The trend of the times is also boosting ontology. It has been shown that in research into genes and proteins, causality does not always stand in a one-to- one relationship between cause and result. This is because many genes and biomolecules are involved in the processes for the generation of each protein. Additionally, techniques for visualizing the behaviors of many genes and biomolecules are already available. “By using an ontology-based integrated database, we can get a listing of the results from the concurrent functioning of multiple genes out of the vast amount of data obtained, rather than the one-to-one matched data on gene functions in conventional databases. Ontology is expected to really lead future research.” Because it is capable of easily identifying disease-causing genes and proteins from among the vast number of biomolecules, ontology is expected to lead to major breakthroughs in the acceleration of new drug development and phase I clinical trials. While information is increasing explosively in the research domain, ontology that links a wide variety of databases can be described as a hidden but powerful tool that leads research activities that are prone to become chaotic.

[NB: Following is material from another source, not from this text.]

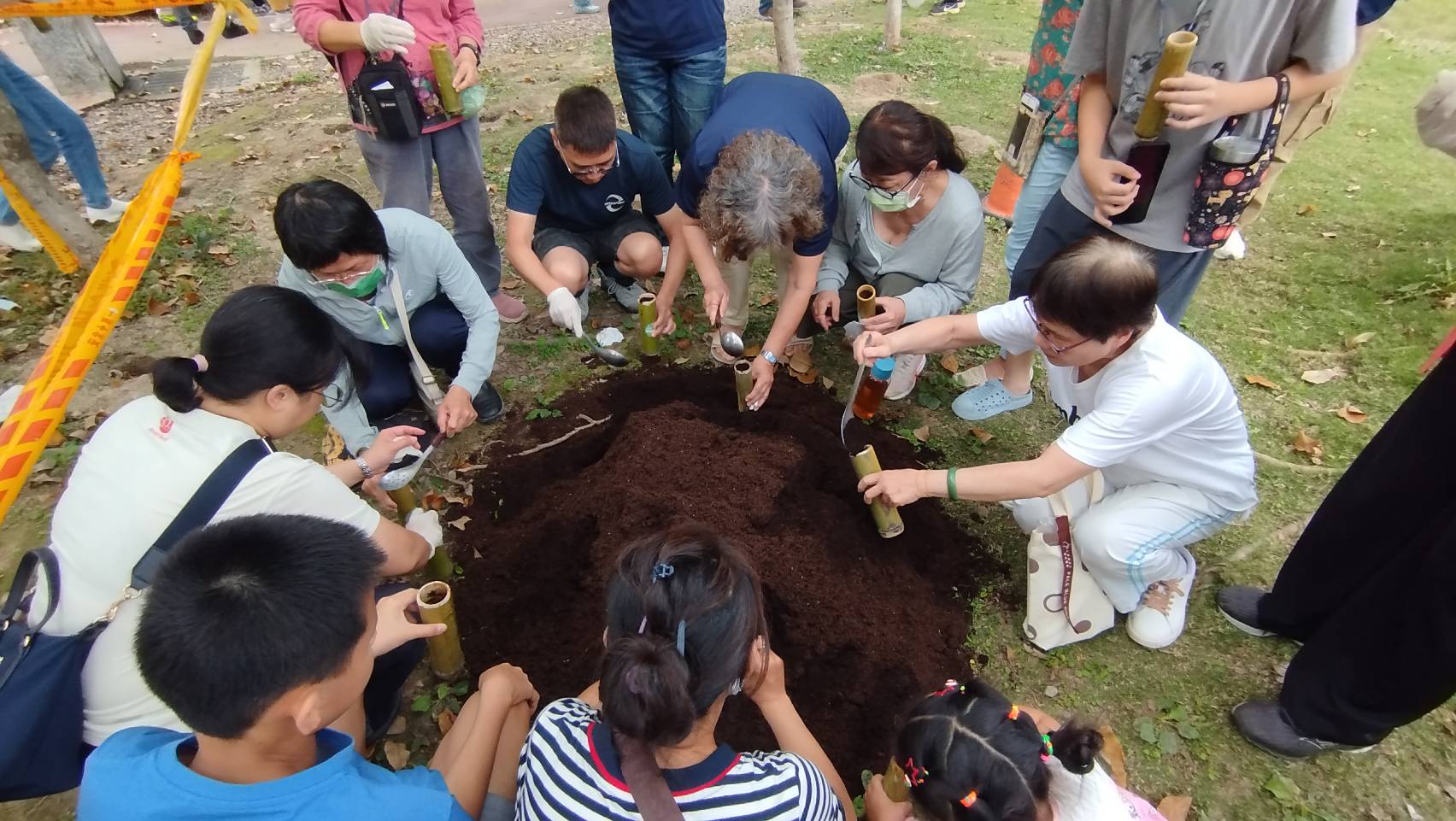 由新竹長和宮辦理的二0二六春日青梅季系列活動之【共築美樹影】十八日下午於長和公園登場,延續先前採梅漬醋後,此次以「護梅樹、惜梅枝」為主軸,邀請專業團隊示範樹木剪養護,吸引一百五十位市民親子踴躍參與,參與者以親手製作的竹筒有機酵素為梅樹施肥,並利用修樹剪下來的枝條,進行大自然藝術創作,長和宮主任委員楊金土邀請大家走入公園,參與一場關於「土地、時間與循環」的感官盛宴。

Identifying knockout mouse phenotypes within an international framework
“We will proceed to develop ontology to standardize international mouse information,” says Masuya. His laboratory has been requested to join the International Mouse Phenotyping Consortium (IMPC) to clarify the relationships between genes and phenotypes by examining all the phenotypes in knockout mice that have been manipulated to systematically delete each gene in the mouse genome. Mice represent a number of similarities (homologies) with humans in terms of the number and kinds of genes, as well as biological events and disease processes. The large project aims to link human diseases and phenotypes of knockout mice. “Currently, laboratories all over the world are working to design knockout mice and utilize them as investigational materials independently. However, a major loss of information resides here.”
In conducting experiments, researchers create knockout mice that fit their research themes. For example, researchers studying limb development may generate a knockout mouse by inactivating a relevant gene. If researchers cannot find any morphological abnormality in the limb, they often give up on investigating that mouse further. However, a lot of genes have multiple functions. For instance, many signaling molecules involved in limb development are also involved in other biological processes in another organ—a fact that could be easily overlooked and a discovery that might never get published, even though the finding may have made all the difference to a physician struggling to elucidate metabolic disorders in a patient.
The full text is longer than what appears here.